Co-founder and Director

Founding Fuel

Charles Assisi is an award-winning journalist with two decades of experience to back him. He is co-founder and director at Founding Fuel, and co-author of the book The Aadhaar Effect. He is a columnist for Hindustan Times, one of India's most influential English newspaper. He is vocal in his views on journalism and what shape it ought to take in India. He speaks on the theme at various forums and is often invited by various organizations to teach their teams how to write.

In his last assignment, he wore two hats: That of Managing Editor at Forbes India and Editor at ForbesLife India. As part of the leadership team, his mandate was to create a distinctive business title in a market many thought was saturated. When Forbes India was finally launched after much brainstorming and thinking through, it broke through the ranks and got to be recognized as the most influential business magazine in the country.
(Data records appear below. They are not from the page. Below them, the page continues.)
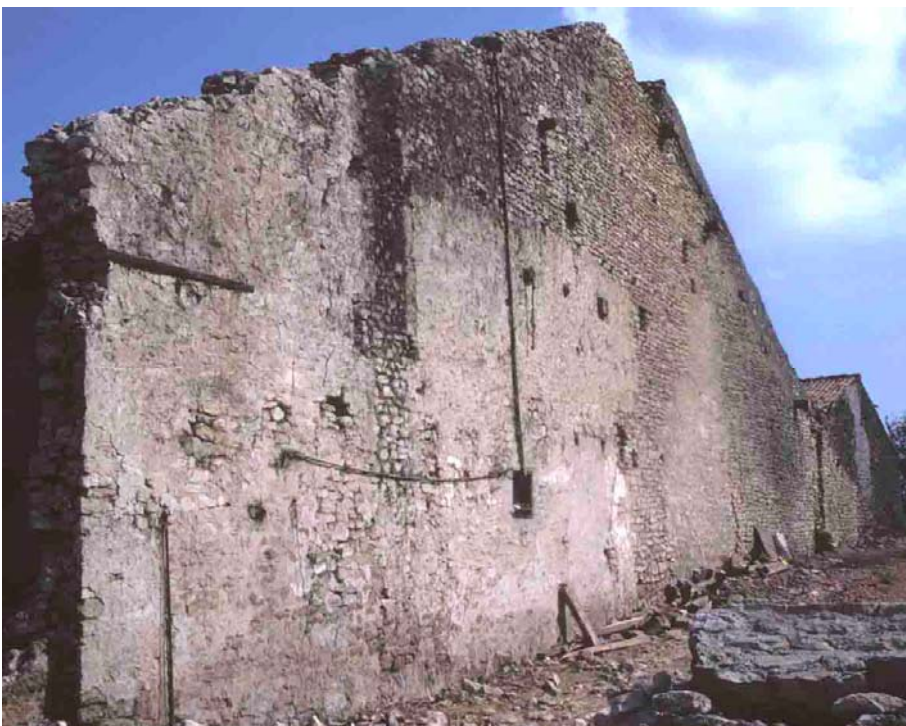
Bouvron (Meurthe-et-Moselle), 1987. La destruction d'une maison révèle le pignon dont elle avait la mitoyenneté avec sa voisine de droite. Il comporte des excavations dont le droit coutumier réglait la profondeur. En principe, chaque propriétaire possède la moitié du pignon.
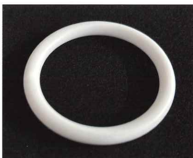
プラスチック切削加工品
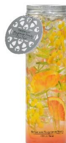
シトラス・プレジール 品番 3873 JAN 4956810238736
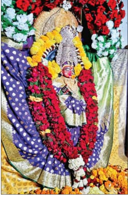
ବଡ଼ପୂଜା, ୧୫୨(ସମ୍ପାଦକ): ଉତ୍ତର ଓଡ଼ିଶାର ପ୍ରସିଦ୍ଧ ତଥା ମୟୂରଭଞ୍ଜ ଜିଲ୍ଲା ବଡ଼ପୂଜା କଉଡ଼ଖଣା ଶାଳ

ଜଙ୍ଗଲ ଓ ଛେଳିଆ ପାଠରେ ପୂଜା ପାଉଥିବା ପ୍ରଦ୍ୟୁଷ ଦେବୀ ମା' ହିଙ୍ଗୁଳାଙ୍କ ବାର୍ଷିକ ବଡ଼ପୂଜା ଶନିବାର ମହାସମାରୋହରେ ଅନୁଷ୍ଠିତ ହୋଇଯାଇଛି। ଏଥିରେ ୮ ଲକ୍ଷରୁ ଊର୍ଦ୍ଧ୍ୱ ଲୋକଙ୍କ ଜନସମାଗମ ହୋଇଥିଲା। ବିଶେଷକରି ବଡ଼ପୂଜା, ଦେଉଳିଆ, ମାଳତୀକନ୍ୟା ଓ ପଲ୍ଲୀ ପର୍ଯ୍ୟନ୍ତ ଲୋକଙ୍କ ଭିଡ଼ ଲାଗି ରହିଛି। ବଡ଼ପୂଜା
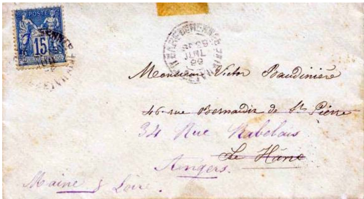
L'enveloppe d'envoi du message
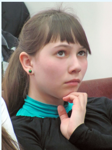
Кажется, есть вопрос...
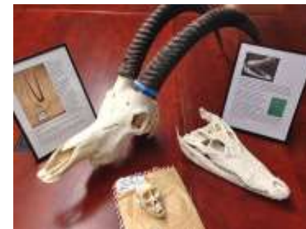
Cráneos de antílope sable, monos y cocodrilos de Siam adquiridos en eBay.

Utilización en remedios medicinales tradicionales
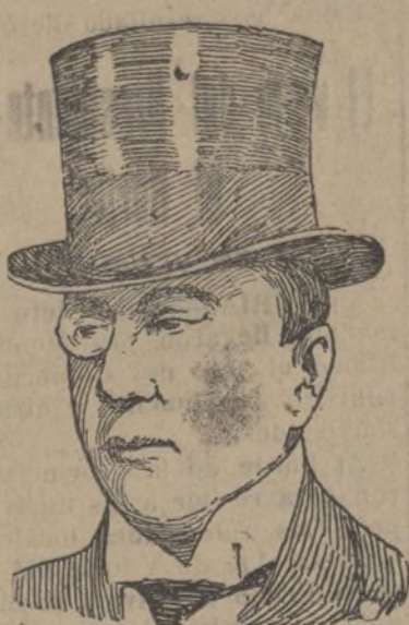
Mr. Chamberlain ministro inglés al que se le ha concedido el Premio Nobel de la Paz de 1925
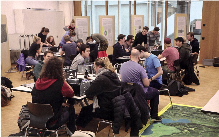
Abb. 4: Praxisorientiertes Lernen in einem der flexibel nutzbaren Labore des Instituts Geomatik im 10. Obergeschoss des Campus Muttenz.

Revision sollten die zukünftigen Bedürfnisse antizipiert und mit folgenden vier ausgewählten Vertiefungsprofilen möglichst gut abgedeckt werden: GeoDesign & Planung, GeoInformatik & Raumanalyse, GeoBIM & Infrastruktur sowie GeoSensorik und Monitoring. Der Beitrag «Redesign des Bachelorstudiengangs Geomatik FHNW» in dieser Ausgabe beschreibt die Zielsetzung und konkrete Ausgestaltung des revidierten Bachelorstudiengangs in Geomatik 2022 im Detail.
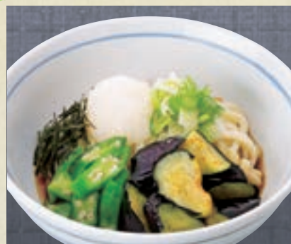
揚げなすおろし 1,046円 (税込1,150円)
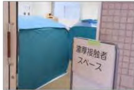
濃厚接触者専用避難スペース(古川保健福祉プラザ)
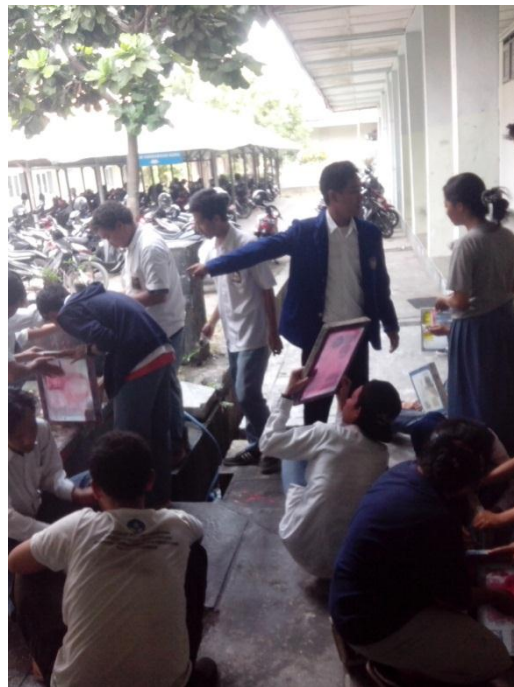
Praktek mengajar mata pelajaran Cetak Saring
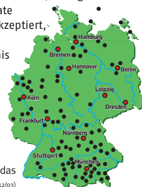
Golfclubverteilung über das gesamte Bundesgebiet (Stand 12/03)

da diese unabhängig vom Deutschen Golf Verband über die Akzeptanz der Platzerlaubnis eigenständig entscheiden können. Hier liegt der Vorteil: Durch Schulungen in kleinen Gruppen können Sie spielend an die deutsche Platzerlaubnis (Hcp 54-37) gelangen, denn in den Grundkursen der SportScheck
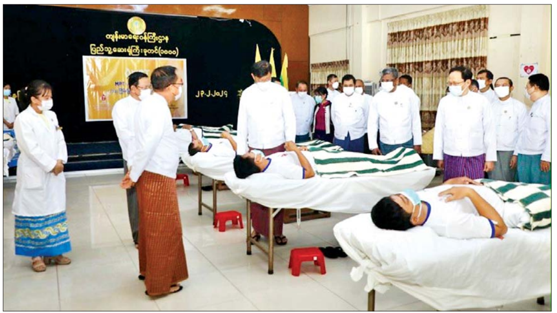
ကျင်းပပြုလုပ်ခဲ့ပြီး စုပေါင်းသွေးလှူဒါန်း သွေးလှူဒါန်းမှုများကို ၂၀၁၆ ခုနှစ်မှ (၁၃) ကြိမ်မြောက်ပြုဖြစ်ကြောင်း သိရ ၄၀၆ ဦး ပါဝင်သွေးလှူဒါန်းခဲ့ကာ စုပေါင်း စတင်စီစဉ်ဆောင်ရွက်ခဲ့ရာ ယခုအခါ သတင်းစဉ်

သက်ဆိုင်ပေးသည်။ ဒုတိယဝန်ကြီးများ၊ ဌာနကြီးမှူးများ၊ ဆေးရုံအုပ်ကြီးနှင့် တာဝန်ရှိသူများက လိုက်လံကြည့်ရှု အားပေးကြပြီး အားဖြည့်စားသောက် ဖွယ်ရာများနှင့် ဆေးဝါးများကို ပေးအပ် ကြသည်။ ထို့နောက် ပြည်ထောင်စုဝန်ကြီး ဒေါက်တာသက်ခိုင်ဝင်းက သွေးလှူဒါန်းမှု အတွက် ဂုဏ်ပြုမှတ်တမ်းလွှာကို ပေးအပ်ရာ ဒုတိယဝန်ကြီးချုပ်နှင့် ပြည်ထောင်စုဝန်ကြီး ဗိုလ်ချုပ်ကြီး မြထွန်းဦးက လက်ခံရယူပြီး အမှတ်တရ လက်ဆောင်များ ပြန်လည်ပေးအပ်သည်။ မြန်မာ့ဆက်သွယ်ရေးလုပ်ငန်း၏ (၁၃)ကြိမ်မြောက် စုပေါင်းသွေးလှူဒါန်း ပွဲကို နေပြည်တော်၊ ရန်ကုန်၊ မန္တလေး၊ တနင်္သာရီ၊ ရှမ်းပြည်နယ်(အရှေ့ပိုင်း)နှင့် ရှမ်းပြည်နယ် (မြောက်ပိုင်း)ရှိသက်ဆိုင်ရာ ဆေးရုံများနှင့် သွေးဌာနများတွင်
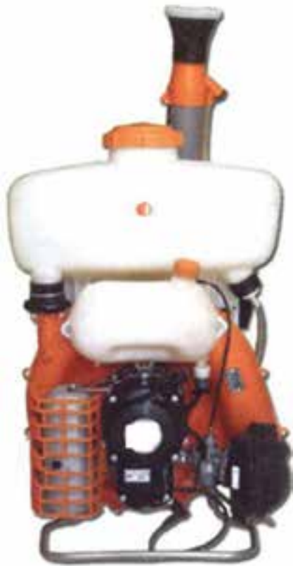
تصویر ۶-۶ - سم پاش پشتی موتوری

کیفیت سم پاشی در این سم پاش ها به دلیل بسیار ریز شدن قطرات بهتر است و از چکیدن مایع سم نیز جلوگیری می شود.
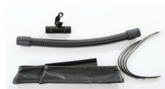
Kit de rétention de poussière
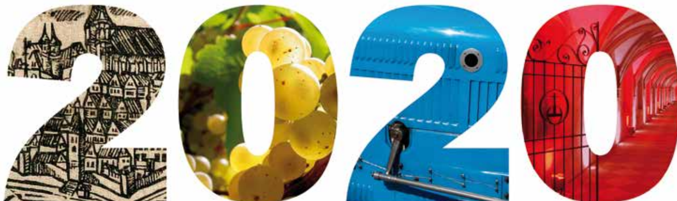
Le logo officiel de 2020 : 1200 ans d'Histoire à Molsheim associant le dessin de Jean-Jacques Arhardt de 1644 représentant la ville et ses monuments, le vignoble, l'épopée industrielle avec Bugatti et, enfin, le patrimoine culturel avec la Chartreuse (Réalisation Damien Schitter).
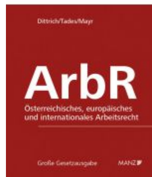
Arbeitsrecht Ladenpreis: 338,00EUR
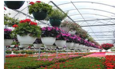
Ανθοκομικά - Καλλωπιστικά
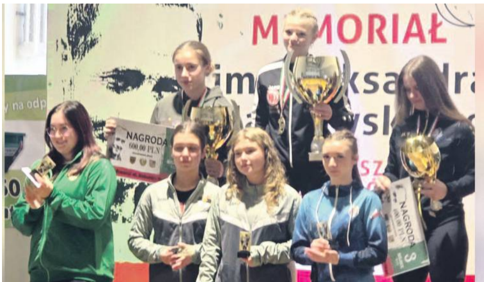
Podium dziewcząt do lat 17
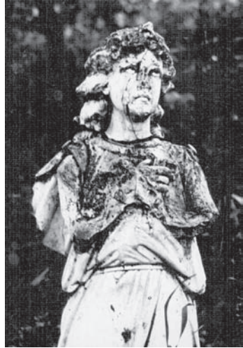
Іл. 4. Янгол з поховання біля Миколаївської церкви у м. Борзна Чернігівської області. Мармур

Як видається, побіжний огляд колекції творів образотворчого і декоративно-ужиткового мистецтва та предметів побуту Борзнянщини дає
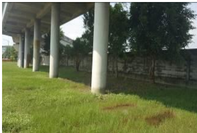
D-1 區綠地雜草修剪及環境整理
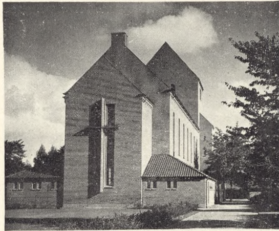
Fig. 141. Kapellets Vestgavl.
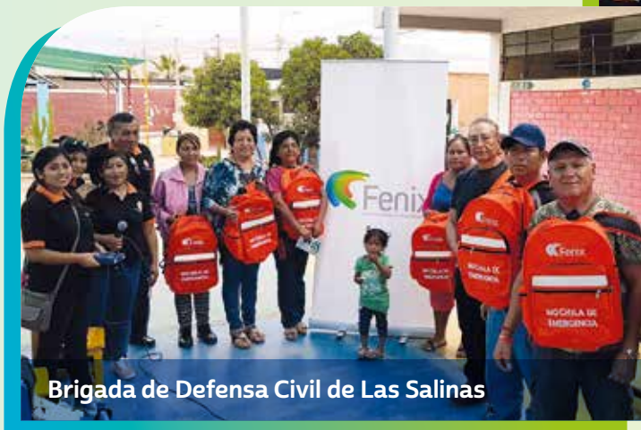
Brigada de Defensa Civil de Las Salinas
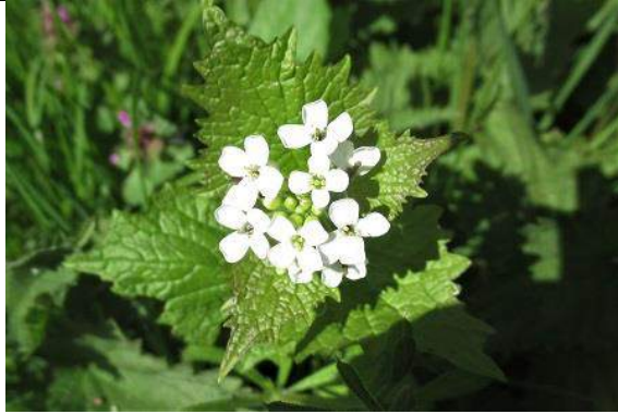
26/04, 37-16-21, look zonder look , Bieslandsepad, Jos van Koppen.
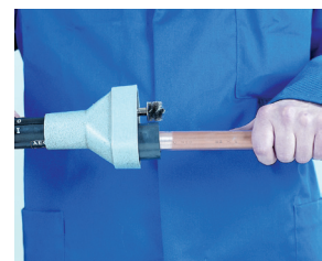
3. Limpieza exterior del tubo 3. Limpeza exterior do tubo
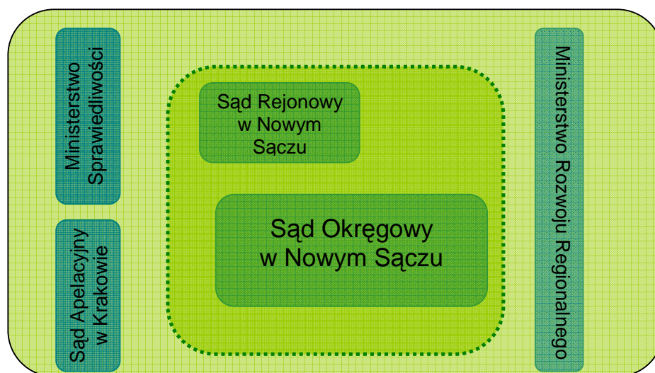
Schemat 1: Zespół Sterujący dla Projektu

Jak określono w ww. Zarządzeniu, do zadań Zespołu należy przede wszystkim wsparcie i uzupełnienie działań podejmowanych przez Sąd Okręgowy w Nowym Sączu – stronę publiczną – przy realizacji tego Projektu, w szczególności poprzez:
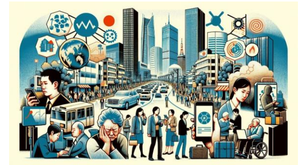
「現代日本社会の課題」から生成された絵

【概要】 ○キーワード「現代日本社会の課題」を描画するよう生成AIに指示すると、右のような図が生成される。 ○ここから、生徒は図に書かれているものから、「デジタルデバインド」「高齢化社会」「都市部の混雑」など、推測される課題を列挙し、ここからストーリーを作成することで、 課題のアイデアが出やすくなる ことを体験した。
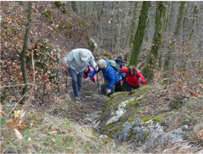
Andere erkletterten die Abflugrampe für die Drachenflieger.
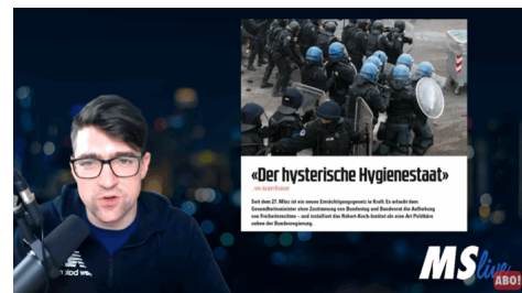
Abb. 4, Hygieneregeln als hysterisch und unrechtmäßig, Quelle: Martin Sellner live

Stattdessen werden alternative Expert*innen präsentiert, die angeblich näher an der – von vielen unerkannten – Wahrheit seien. Den Coronatests wird beispielsweise eine hohe Fehlerquote zugeschrieben und die Wirksamkeit der Hygienemaßnahmen bezweifelt oder sogar als hysterisch dargestellt (siehe Abb. 4). Auf Basis dieser Aussagen wird in den Videos Covid-19 als harmlos beschrieben und behauptet, die Epidemie sei schnell wieder vorbei. Verbreitet ist der Vergleich mit einer normalen Grippe.
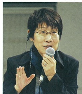
津島 佑子氏 Ms. Tsushima Yuko
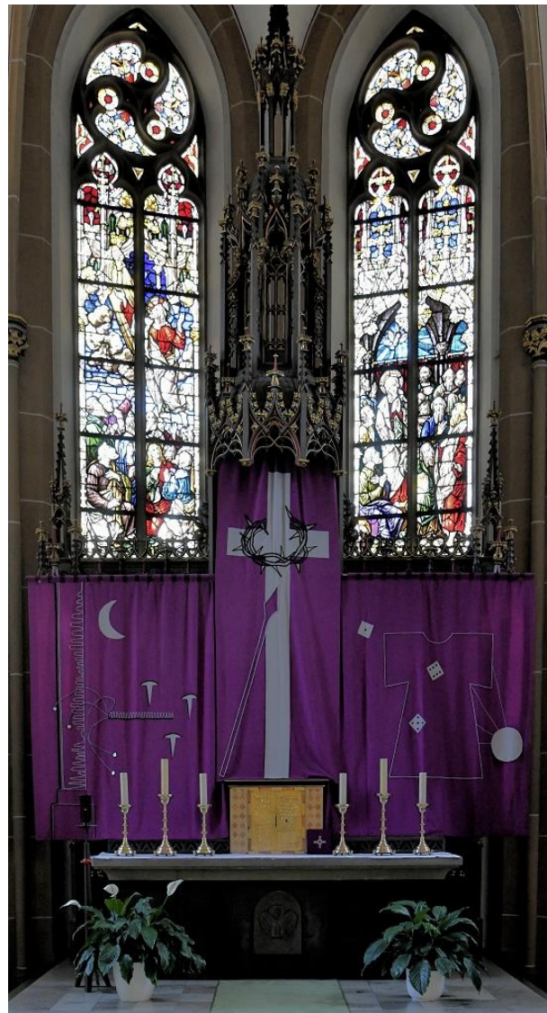
Heilig Kreuz Altenbeken, Foto Bernhard Bauer

„Wenn das Weizenkorn in die Erde fällt und stirbt, bringt es reiche Frucht.“

He did much the same thing with ForbesLife India where he broke from convention and launched the title to critical acclaim.

Before that, he was National Technology Editor and National Business Editor at the Times of India, during the great newspaper wars of 2005. He was part of the team that ensured Times of India maintained top dog status in Mumbai on the face of assaults by DNA and Hindustan Times.

His first big gig came in his late twenties when German media house Vogel Burda marked its India debut with CHIP a wildly popular technology magazine. He was appointed Editor and given a free run to create what he wanted. During this stint, he worked and interacted with all of Vogel Burda's various newsrooms across Europe and Asia.

Charles holds a Masters in Economics from Mumbai Universtity and an MBA in Finance. Along the way he earned the Madhu Valluri Award for Excellence in Journalism and the Polestar Award for Excellence in Business Journalism.

In his spare time, he reads voraciously across the board, but is biased towards psychology and the social sciences. He dabbles in various things that catch his fancy at various points. But as fancies go, many evaporate as often as they fall on him.